**What to do**: Find the line that contains "En 1469, Valence" in the records below, then repeat exactly that line and each one after it, leaving pictures out.

**Dataset records**:
»»
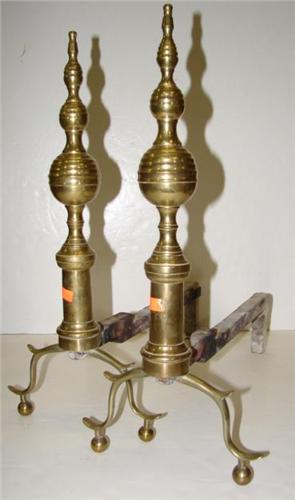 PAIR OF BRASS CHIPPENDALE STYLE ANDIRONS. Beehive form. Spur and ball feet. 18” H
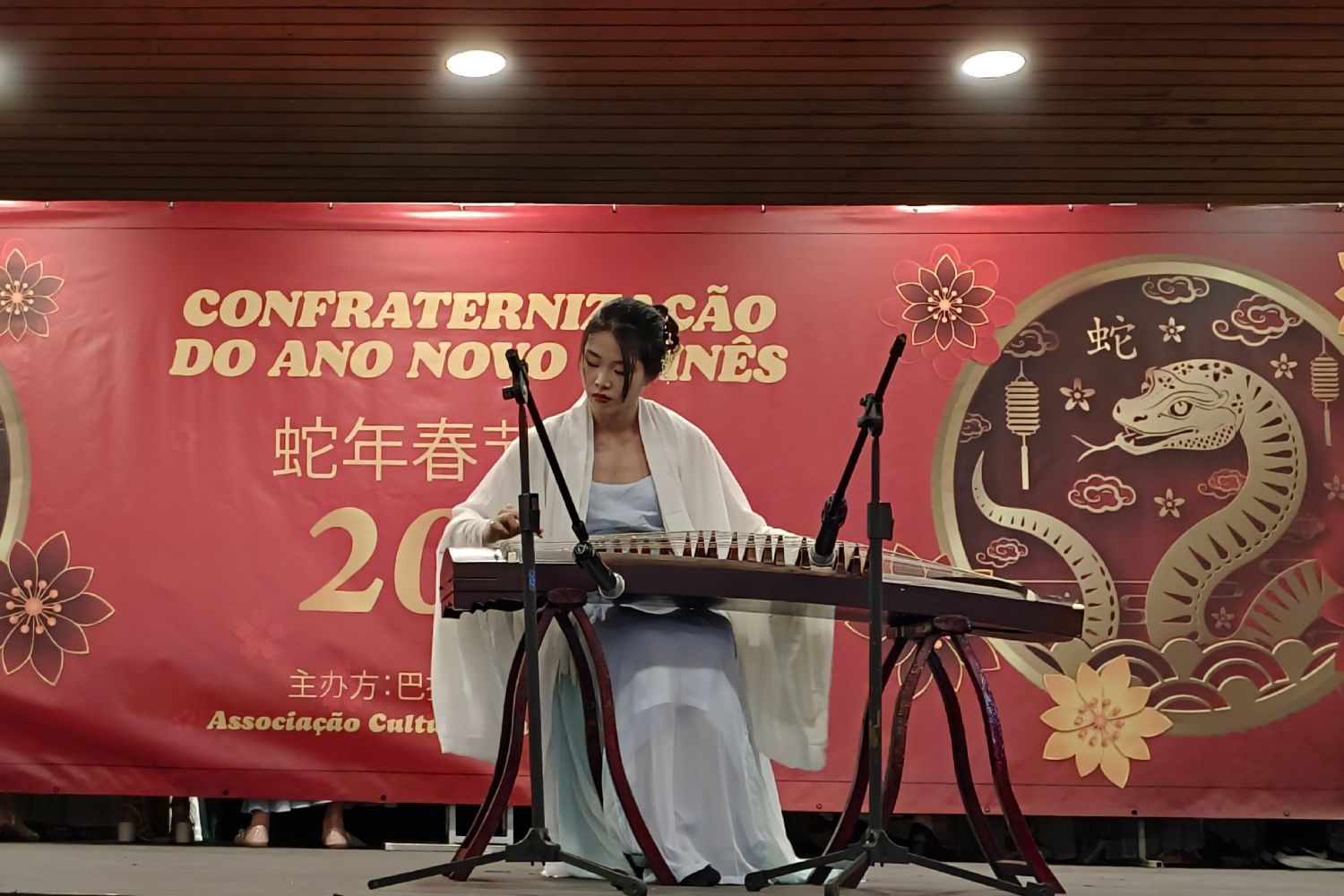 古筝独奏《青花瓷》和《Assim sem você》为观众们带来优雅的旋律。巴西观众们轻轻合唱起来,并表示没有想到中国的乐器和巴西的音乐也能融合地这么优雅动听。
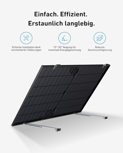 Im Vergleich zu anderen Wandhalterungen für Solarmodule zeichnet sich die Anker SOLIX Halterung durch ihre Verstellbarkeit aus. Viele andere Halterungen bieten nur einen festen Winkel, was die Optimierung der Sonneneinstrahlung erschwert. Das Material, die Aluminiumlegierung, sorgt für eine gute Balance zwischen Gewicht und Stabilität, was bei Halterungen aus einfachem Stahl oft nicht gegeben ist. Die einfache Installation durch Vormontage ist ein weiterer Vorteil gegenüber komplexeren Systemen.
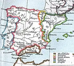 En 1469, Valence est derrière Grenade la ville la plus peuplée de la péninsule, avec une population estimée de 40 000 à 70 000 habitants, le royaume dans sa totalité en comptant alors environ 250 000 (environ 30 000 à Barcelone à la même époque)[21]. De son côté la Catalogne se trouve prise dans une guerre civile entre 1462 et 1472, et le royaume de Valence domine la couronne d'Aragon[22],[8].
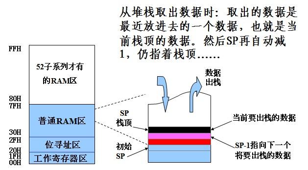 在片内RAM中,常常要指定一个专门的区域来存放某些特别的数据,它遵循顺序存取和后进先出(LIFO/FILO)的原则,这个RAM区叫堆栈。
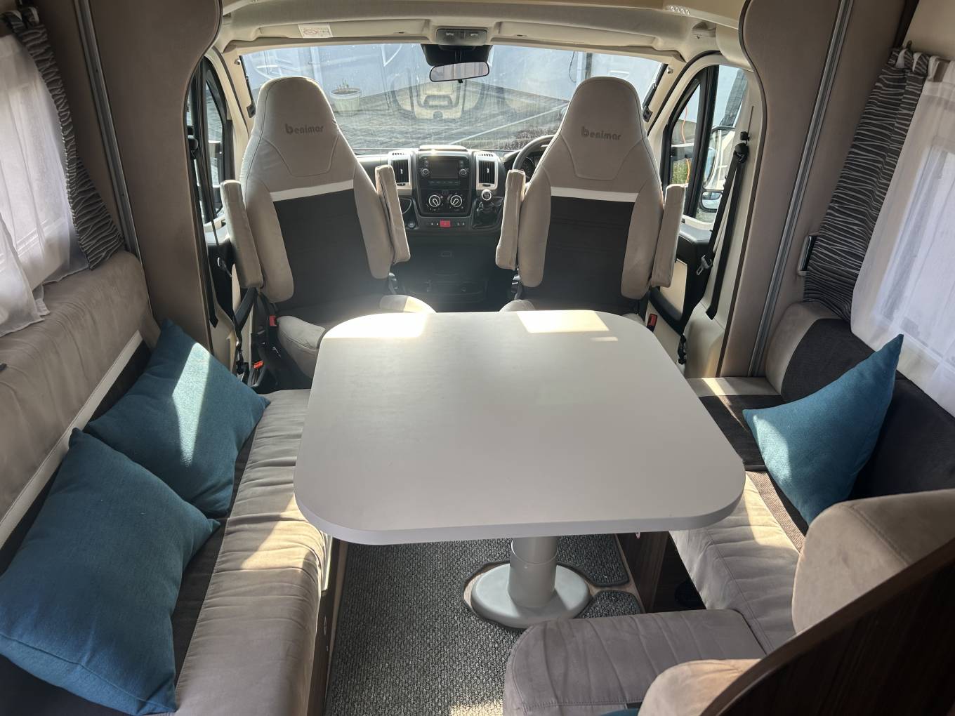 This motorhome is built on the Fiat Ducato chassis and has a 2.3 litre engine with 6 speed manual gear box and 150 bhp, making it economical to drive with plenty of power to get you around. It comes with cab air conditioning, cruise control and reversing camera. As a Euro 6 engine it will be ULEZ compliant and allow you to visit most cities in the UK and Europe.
««
**Exercise solution**:
 En 1469, Valence est derrière Grenade la ville la plus peuplée de la péninsule, avec une population estimée de 40 000 à 70 000 habitants, le royaume dans sa totalité en comptant alors environ 250 000 (environ 30 000 à Barcelone à la même époque)[21]. De son côté la Catalogne se trouve prise dans une guerre civile entre 1462 et 1472, et le royaume de Valence domine la couronne d'Aragon[22],[8].
 在片内RAM中,常常要指定一个专门的区域来存放某些特别的数据,它遵循顺序存取和后进先出(LIFO/FILO)的原则,这个RAM区叫堆栈。
 This motorhome is built on the Fiat Ducato chassis and has a 2.3 litre engine with 6 speed manual gear box and 150 bhp, making it economical to drive with plenty of power to get you around. It comes with cab air conditioning, cruise control and reversing camera. As a Euro 6 engine it will be ULEZ compliant and allow you to visit most cities in the UK and Europe.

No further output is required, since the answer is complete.